How to complete this task – Pull out the lines from the one containing "Svart tight klänning" through the final line of the listing below and repeat them exactly. Leave the pictures behind.

+++++

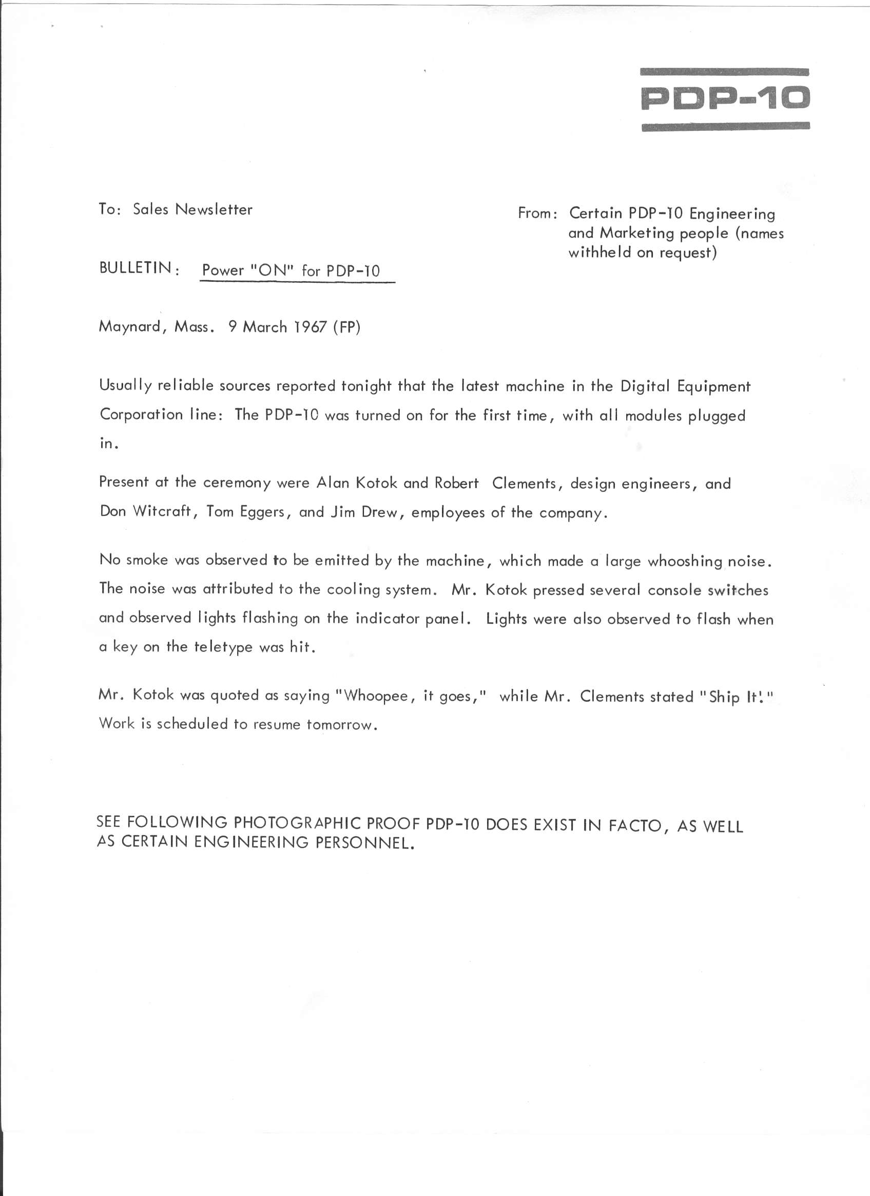 From: "Bob, K1BC"Subject: Re: pdp10 photos on ebay Newsgroups: alt.sys.pdp10 Date: Sun, 04 Jan 2009 21:08:07 -0500 I found copies of those in my "archive" and have scanned them, and a few other things. I'm not thrilled with the quality of the scanned images, but it's too late to fool with them any more tonight. Also too late to write up any further commentary. They're up at http://www.gzornenplatz.com/DECPIX/. This is on my home DSL line, so if anyone wants to copy them to a higher-bandwidth site, please do. /Rcc
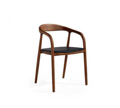 La Nordic Chair allie le naturel du noyer au raffinement du cuir noir, créant un design minimaliste et sophistiqué pour des environnements élégants.
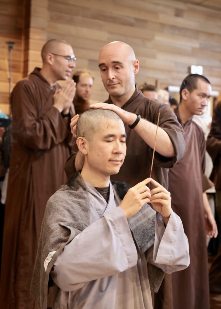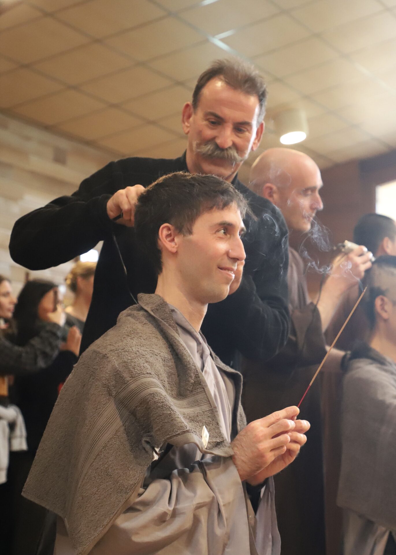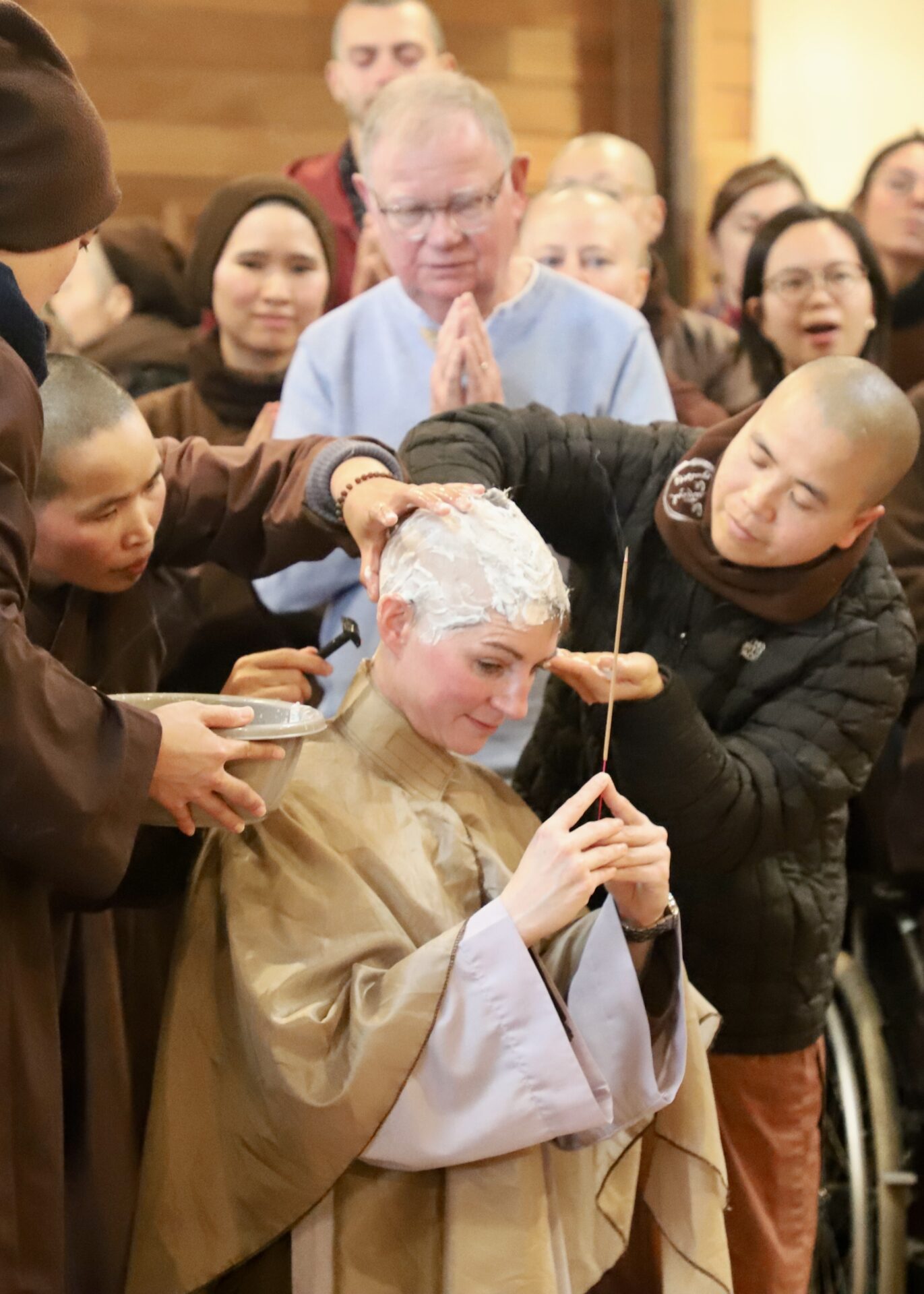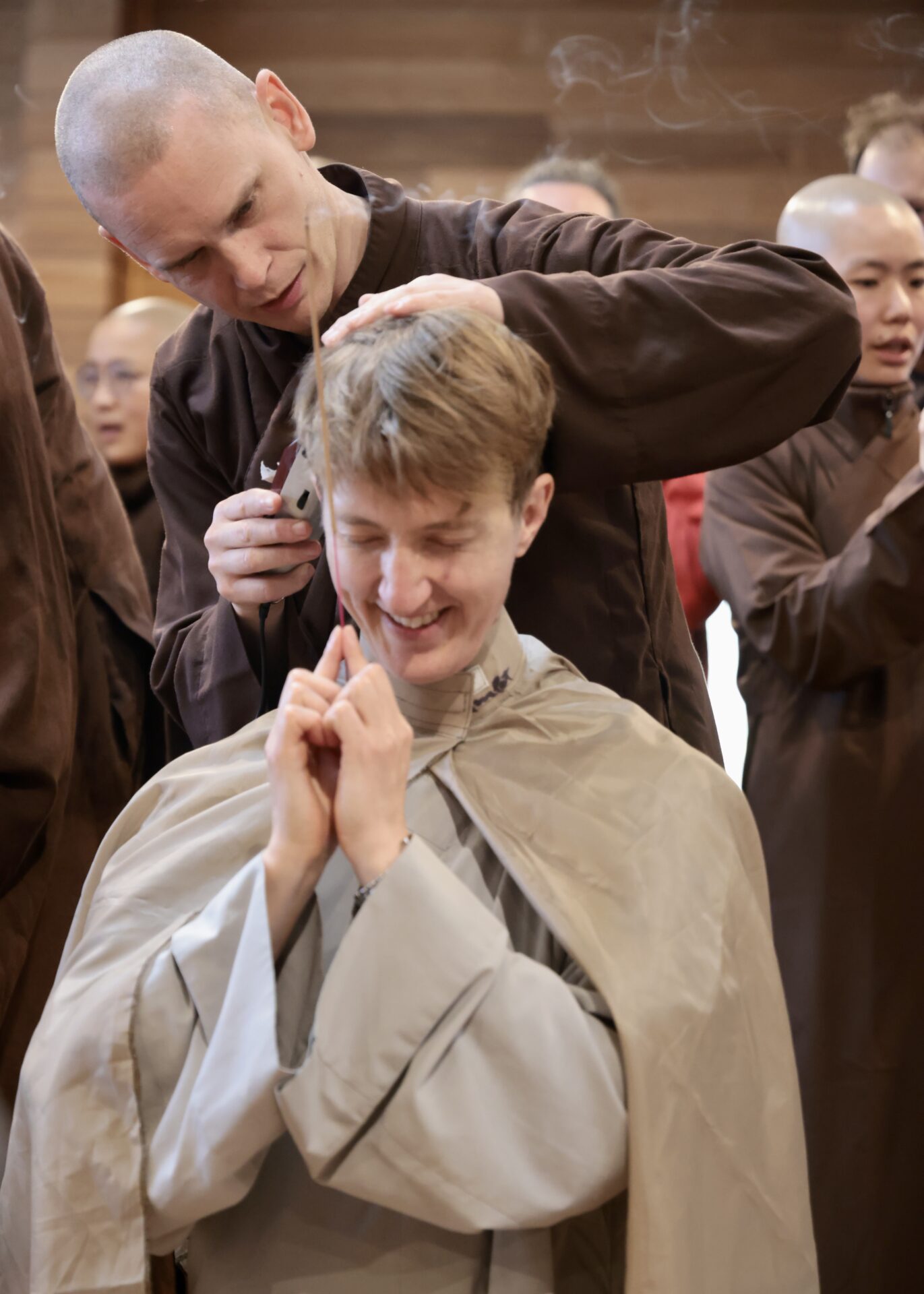 What struck me the most was the togetherness of the ceremony. I really felt that I’m in the center of a community and I feel so fortunate that I found the sangha jewel. I felt that the whole sangha – monastic and lay – was so happy to see us shave our hair. I cannot describe it. It is like nothing that I have ever experienced before. I really feel very, very connected and lifted by everyone’s happiness.
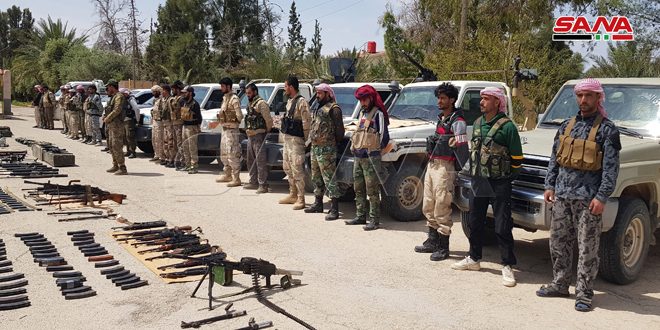 In a statement to SANA, leader of the armed group Ghannam Samir al-Khudeir, known as Abu Hamza, said that he and his fellow militants had been displaced by Daesh terror organization from an area in the east of Sweidaa province to Daraa from where they entered Jordan in coordination with leader of the so-called “Ahrar al-Ashayer” group. “There, we received a month-long training and then we were sent to al-Rukban camp where we discovered that most of the weapons and relief aid and supplies were being sold to Daesh, and after joining “Jaysh Maghawir al-Thawra” we discovered that this group also supports Daesh, thus, we lost confidence in all the groups and decided to turn ourselves in to the Syrian Army.”
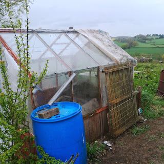 So the plastic's a bit thinner than I thought and they've given out heavy winds tomorrow, but it has so far lasted two days. I'm particularly chuffed with the door which was fashioned from an old pasting table chopped down to size.
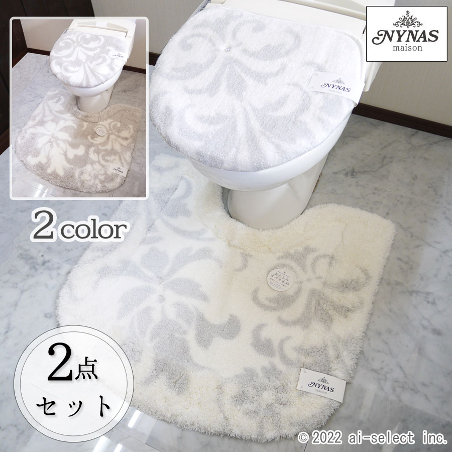 New トイレマット & フタカバー 2点セット 吸着式 ほとんどの洗浄暖房用便座に対応 マルチフタカバー グラン 光沢糸 高級感 上品 アラベスク模様 日本製 グレージュ or アイボリー おしゃれ 可愛い ゴージャス
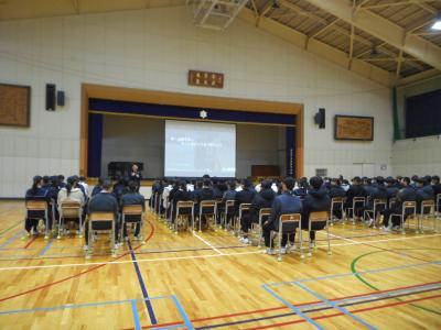 講演では鈴木氏より、「人生の中でうまくいかないときがあっても、決してあきらめず前を向いて進んでほしい」「夢を持ち、その夢に向かって歩み続けてほしい」など、熱いメッセージを語っていただきました。生徒たちは真剣な表情で耳を傾け、それぞれが自分の将来について考える貴重な機会となりました。
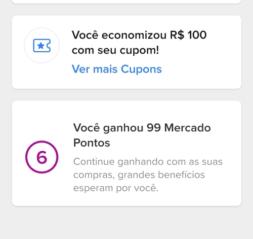 Esse cupons, de R$ 100 e o de R$ 50 Para o nível 6 foi bem legal.
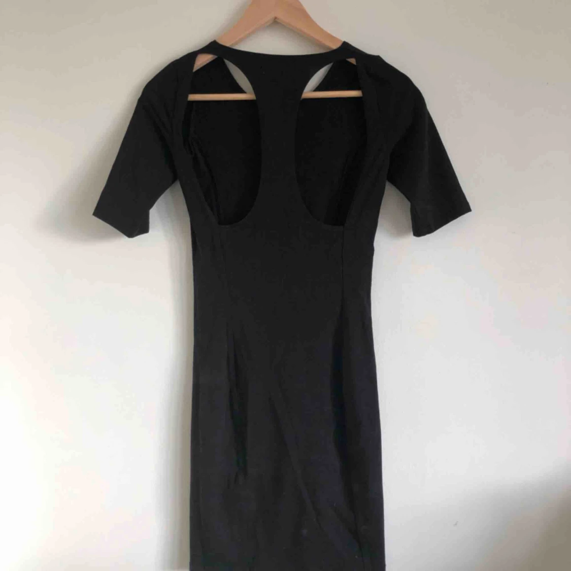 Svart tight klänning med utskuren rygg. 3/4 ärm gjord i bomull
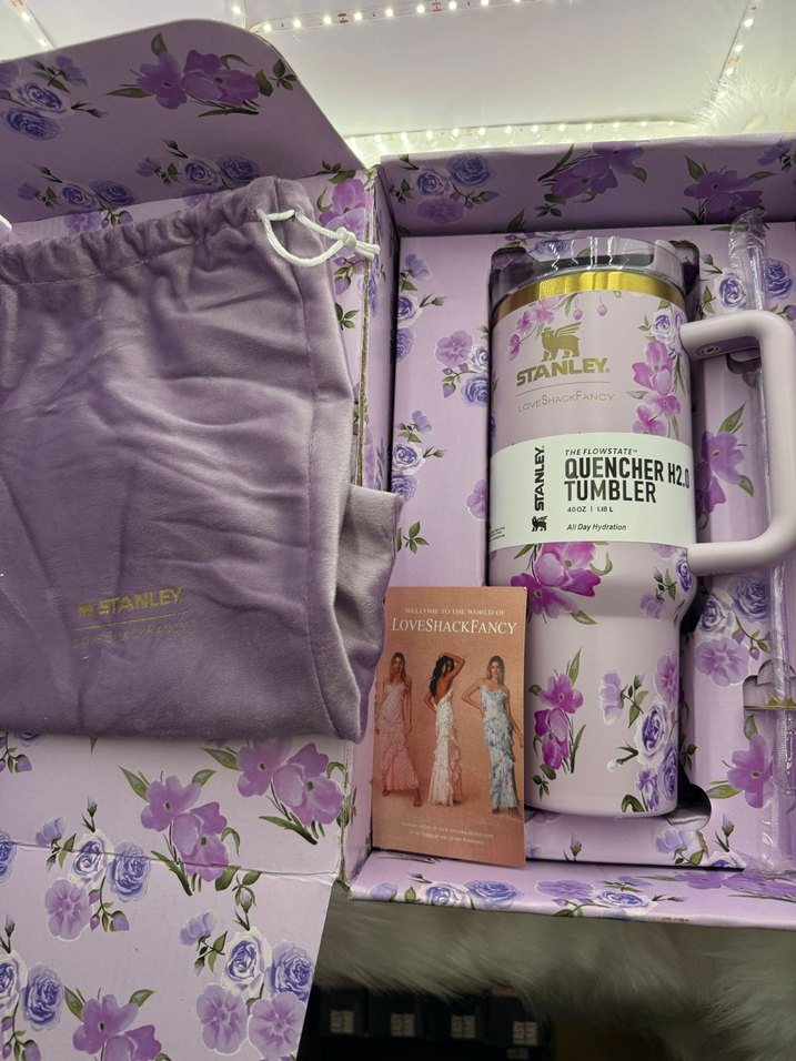 Stanley mor çiçek desenli termos matara, yumuşak çanta ve küçük kitapçık ile birlikte gelir. İçecekleri sıcak veya soğuk tutar.

+++++

Output below –
 Svart tight klänning med utskuren rygg. 3/4 ärm gjord i bomull
 Stanley mor çiçek desenli termos matara, yumuşak çanta ve küçük kitapçık ile birlikte gelir. İçecekleri sıcak veya soğuk tutar.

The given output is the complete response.